= Beginning of Section =

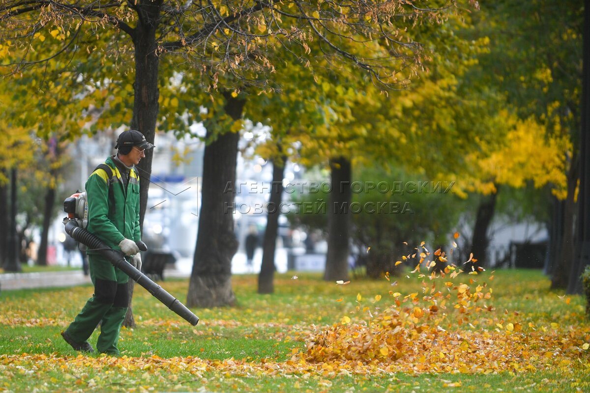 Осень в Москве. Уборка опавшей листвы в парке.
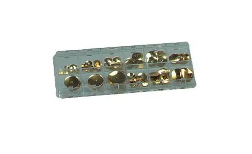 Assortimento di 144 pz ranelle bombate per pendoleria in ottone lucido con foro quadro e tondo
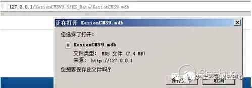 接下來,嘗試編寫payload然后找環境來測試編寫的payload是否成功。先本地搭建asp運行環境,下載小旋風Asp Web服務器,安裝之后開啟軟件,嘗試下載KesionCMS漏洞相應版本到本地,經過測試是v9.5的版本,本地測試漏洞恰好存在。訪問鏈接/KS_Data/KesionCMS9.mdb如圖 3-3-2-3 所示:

= End of Section =
= Beginning of Section =

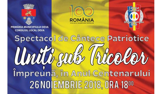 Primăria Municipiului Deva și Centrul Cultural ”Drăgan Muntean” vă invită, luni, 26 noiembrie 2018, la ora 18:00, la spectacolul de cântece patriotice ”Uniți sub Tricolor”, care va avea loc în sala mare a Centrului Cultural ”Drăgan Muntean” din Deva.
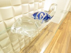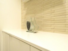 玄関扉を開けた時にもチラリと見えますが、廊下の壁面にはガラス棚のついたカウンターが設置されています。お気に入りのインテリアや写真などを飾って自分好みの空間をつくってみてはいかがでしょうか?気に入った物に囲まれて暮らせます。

= End of Section =

About this task
Above, find the line holding "Primăria Municipiului Deva" and the line holding "玄関扉を開けた時にもチラリと". Print exactly those two lines and every line between them, but no pictures.

Your solution
 Primăria Municipiului Deva și Centrul Cultural ”Drăgan Muntean” vă invită, luni, 26 noiembrie 2018, la ora 18:00, la spectacolul de cântece patriotice ”Uniți sub Tricolor”, care va avea loc în sala mare a Centrului Cultural ”Drăgan Muntean” din Deva.
 玄関扉を開けた時にもチラリと見えますが、廊下の壁面にはガラス棚のついたカウンターが設置されています。お気に入りのインテリアや写真などを飾って自分好みの空間をつくってみてはいかがでしょうか?気に入った物に囲まれて暮らせます。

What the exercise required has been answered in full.